= Michael A. O'Keefe =

Australian physicist

Michael A. O'Keefe (born 8 September 1942, in East Melbourne, Australia) is a physicist who has worked in materials science and electron microscopy. He is perhaps best known for his production of the seminal computer code for modeling of high-resolution transmission electron microscopy (HRTEM) images; his software was later made available as part of the DeepView package for remote electron microscopy and control. O'Keefe's tutorial on theory and application of high-resolution electron microscope image simulation is available online.

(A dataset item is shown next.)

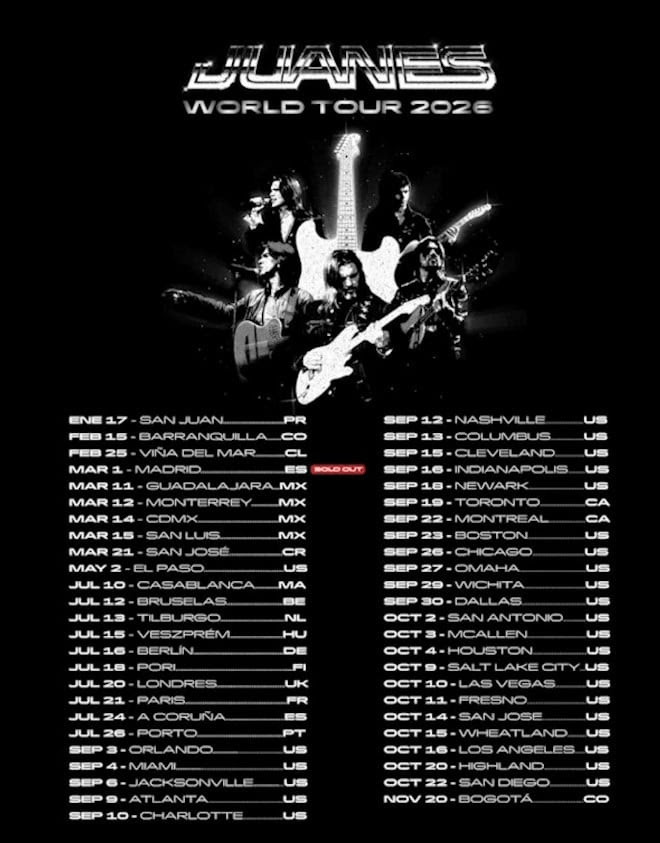 Tras su presentación en Vive Latino 2026, la gira Juanes World Tour 2026 continuará conectando con fans en Latinoamérica, Europa y Norteamérica, con shows que combinarán el concepto visual y musical de JuanesTeban con sus grandes éxitos de más de 25 años de carrera.

O'Keefe has established methods of quantifying resolution quality, and methods of deriving accurate atom positions from high-resolution images. He used these methods to help establish high-resolution electron microscopy as a precise science; in addition to its more-pedestrian role of pictorial confirmation of nano measurements, he demonstrated HRTEM's value in measurement of nano-properties. The video and associated slides illustrate the role of his work in providing tools for nano-characterization.

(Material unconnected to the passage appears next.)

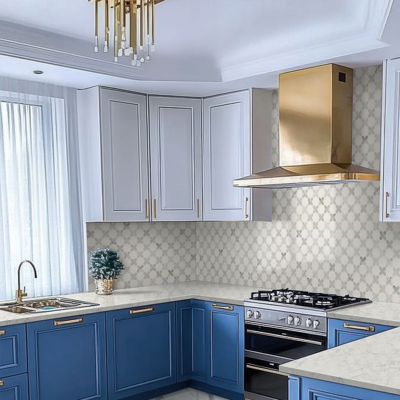 Add charm and detail to your space with Vera Anne Pattern Polished Tile. Featuring a white background with dove grey crosses in a fun checkered pattern, the neutral palette of this genuine marble tile works with nearly any color scheme. It’s an ideal choice for kitchen backsplash, fireplace façades, shower surrounds, bathroom vanity walls, and more. Not only stylish, but also durable and low maintenance, Vera Anne Pattern Polished Tile updates your space with the beauty of natural marble. Tiles are strategically arranged on mesh backed sheets for simplified installation and professional look.

O'Keefe designed and developed the one-Ångström microscope (OÅM) for the National Center for Electron Microscopy at Lawrence Berkeley National Laboratory based on an FEI Company CM300 microscope that he modified extensively to improve coherence and correct three-fold astigmatism. He was successful in breaking the "one-Ångström barrier" to resolution using his combination of hardware and software correction of microscope aberrations. He produced the first HRTEM images to show carbon atoms separated by less than one Ångström in diamond (0.89 Å) and silicon atoms in crystalline silicon (0.78 Å)—an example of his silicon work appears on a webpage at the Department of Energy. His OÅM was the first HRTEM able to image the smallest metal atoms (lithium) in lithium battery materials. Building on his work designing and operating his one-Ångström microscope (OÅM), O'Keefe produced the design for the LBNL TEAM (transmission electron aspheric microscope) able to resolve atoms in the deep sub-Ångström resolution region (less than 0.5 Å) using a hardware electron-wave phase-corrector (Cs corrector) in combination with a coherence-enhancing electron-beam monochromator.

O'Keefe was elected president of the Microscopy Society of America in 2007.